As shown in fig. 1-4, a tracheal intubation device for Hospital infectious disease department comprises a tube body 1, a connection end cap 2 and an intubation end cap 3, wherein a main air groove 8 is formed inside the tube body 1, an auxiliary air groove 9 is formed at the top of the main air groove 8, a first medicine groove 10 and a second medicine groove 11 are respectively formed at two ends of the bottom of the main air groove 8, a scale 5 is arranged at the outer side of the tube body 1, the connection end cap 2 is sleeved with a first annular air bag 6, one end of the connection end cap 2 is connected with an auxiliary butt joint tube 16 in a hot melting manner, a main butt joint tube 15 is connected at the bottom of the auxiliary butt joint tube 16 in a hot melting manner, a first medicine injection port 17 and a second medicine injection port 18 are respectively formed at two ends of the bottom of the main butt joint tube 15, the intubation end cap 3 is arranged at the other end of the tube body 1, the second annular air bag 7 is sleeved at the outer side of the intubation end cap 3, one end in the puncture tube 4 is connected with a rotating baffle 13 through a rotating shaft, and one end of the rotating baffle 13 is connected with a T-shaped limiting rod 14 through hot melting.

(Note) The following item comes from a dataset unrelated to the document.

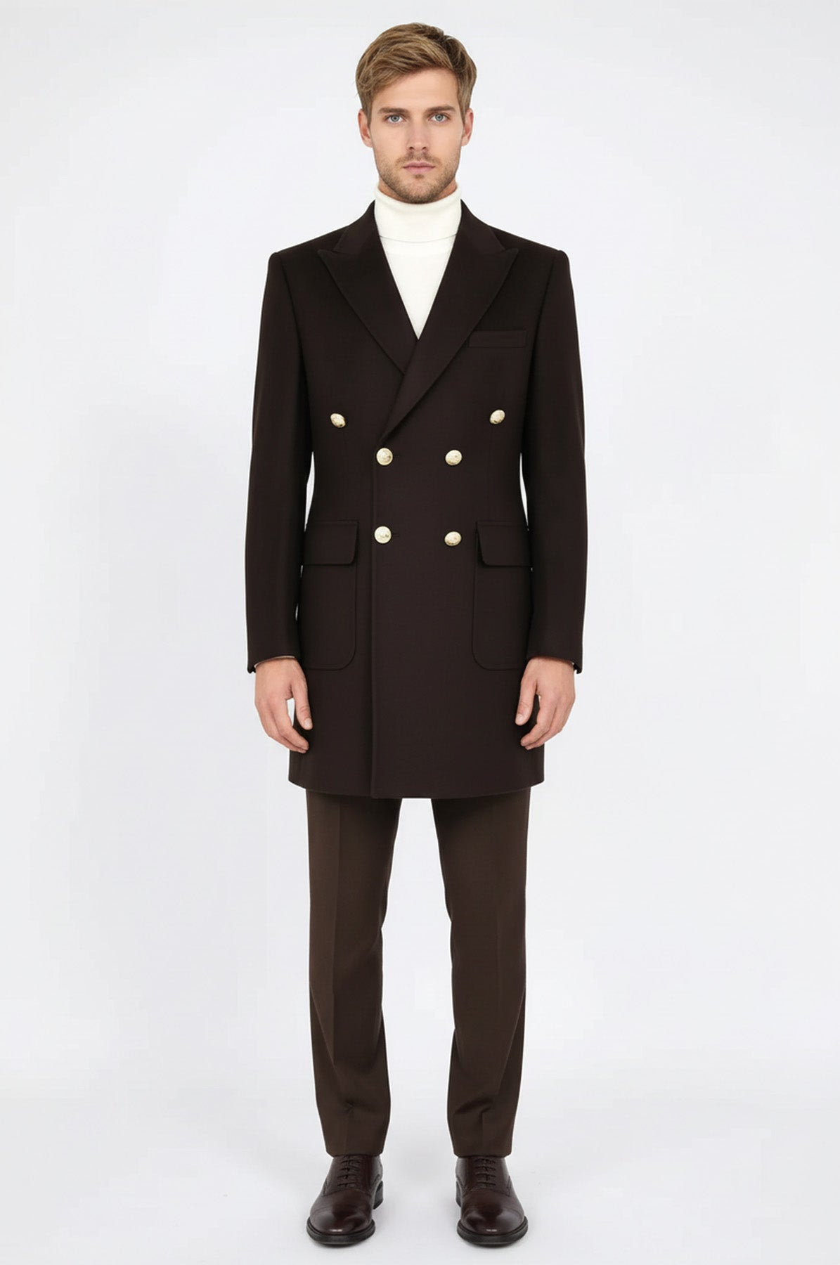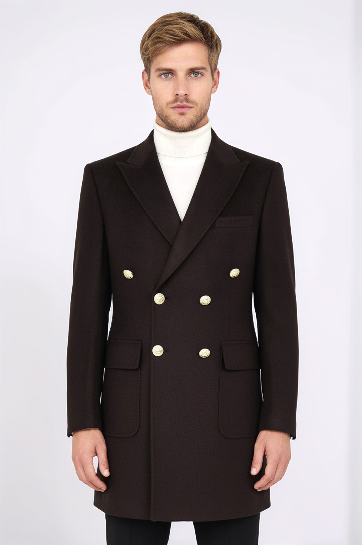 Kahverengi Metal Düğmeli Kruvaze Kaban - Wessi

Wherein, 2 one side hot melt of connection end cover is connected main inserted bar 19 and a main inserted bar 19 and vice butt joint pipe 16 and is linked together, a main inserted bar 19 is located vice gas tank 9 inside, 19 bottom hot melt of a main inserted bar is connected with an vice inserted bar 20 and is linked together with main butt joint pipe 15, a vice inserted bar 20 is located main gas tank 8 inside, a vice inserted bar 20 bottom both ends are provided with a main medicine pole 21 and a vice medicine pole 22 respectively, a main medicine pole 21 and a medicine injection mouth 17 are linked together and an vice medicine pole 22 and No. two medicine injection mouths 18 are linked together, a main medicine pole 21 is located medicine tank 10 inside and an vice medicine pole 22 is located No. two medicine tanks 11 inside.
In this embodiment, as shown in fig. 3, a main insertion rod 19 is inserted into the auxiliary air groove 9, an auxiliary insertion rod 20 is inserted into the main air groove 8, a main drug rod 21 is inserted into the first drug groove 10, an auxiliary drug rod 22 is inserted into the second drug groove 11, the connection end cover 2 can be fixed at one end of the tube body 1, a connection effect is achieved between the auxiliary air groove 9 and the auxiliary butt joint tube 16 through the main insertion rod 19, the first auxiliary insertion rod 20 achieves a connection effect between the main butt joint tube 15 and the main air groove 8, the first main drug rod 21 achieves a connection effect between the first drug injection port 17 and the first drug groove 10, and the first auxiliary drug rod 22 achieves a connection effect between the second drug injection port 18 and the second drug groove 11.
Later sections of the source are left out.